Therefore, upon completing training rounds, we execute a quality control round on the categorised documents to test the accuracy of the system’s grouping. We batch out a sample of the documents already categorised as a result of the training rounds for manual review. Then, the system can compare how many documents it categorised correctly and how many it ‘overturned.’ An ‘overturn’ occurs when the system categorises a document, for example, as ‘Relevant,’ and a manual review codes the document as ‘Not Relevant.’ Additionally, we can measure and analyse the number of ‘overturns’ to identify and correct issues within the TAR project.

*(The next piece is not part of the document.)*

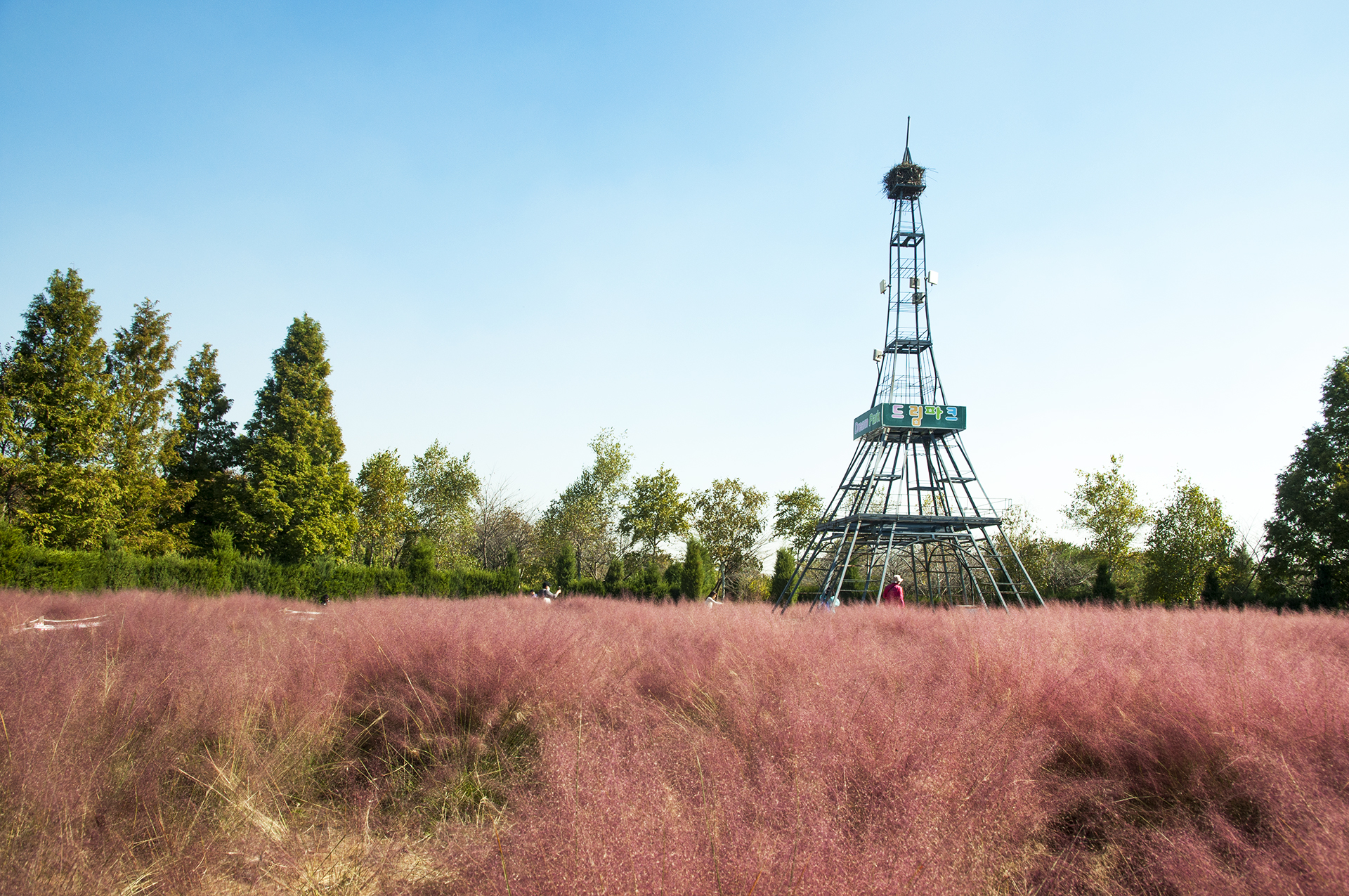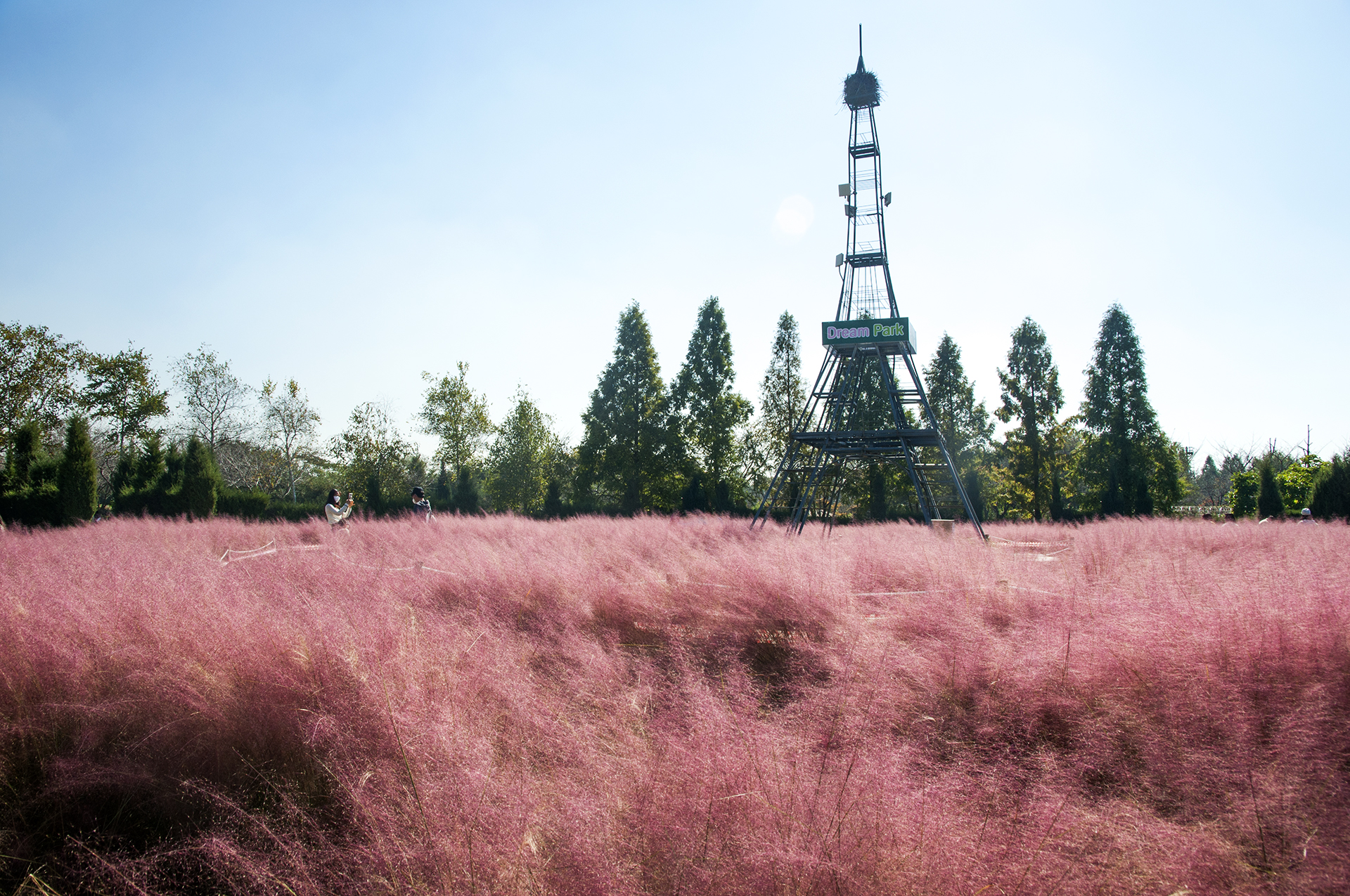 핑크뮬리 가운데 에펠탑이 서있어 많이 사람들이 사진을 남기는 촬영명소이다.
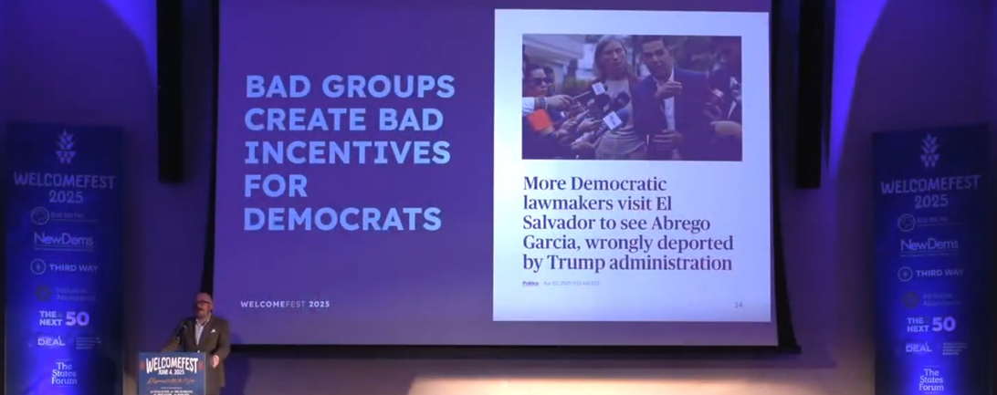 Mr. Yglesias entered dicier territory with a subsequent slide, entitled “BAD GROUPS CREATE BAD INCENTIVES FOR DEMOCRATS” alongside the Associated Press headline: “More Democratic lawmakers visit El Salvador to see Abrego Garcia, wrongly deported by Trump administration,” which covered lawmakers’ advocacy for the return of Kilmar Abrego Garcia, a Maryland resident whom Immigration and Customs Enforcement illegally, and without trial, renditioned overseas to CECOT, the 40,000-inmate megaprison in El Salvador. The public’s focus on the administration succeeded in bringing Mr. Garcia home for his day in court. If Mr. Yglesias meant other than abandoning immigrants to whatever cruel fate the Trump administration afflicts, he forgot to clarify. The whole of WelcomeFest unfortunately was made infamous by this slide.

Training Rounds & Quality Control

In summary, the aim of the training rounds and QC rounds is to categorise as many documents as possible, as accurately as possible, in line with the F1 score (a measure of a test’s accuracy), agreed at the start of the project. The end result produces a set of coded documents that facilitate timely production. These documents can further prioritise review by pushing the ‘Relevant’ documents to the review team first or batching out all the ‘Relevant’ documents for review. Therefore, whatever the reason for your assisted review project, predictive coding will play an increasingly crucial role in the future as data sizes grow and manual document review costs soar. TAR has quickly become an essential tool in litigations, prioritising documents for review while reducing time and overall costs.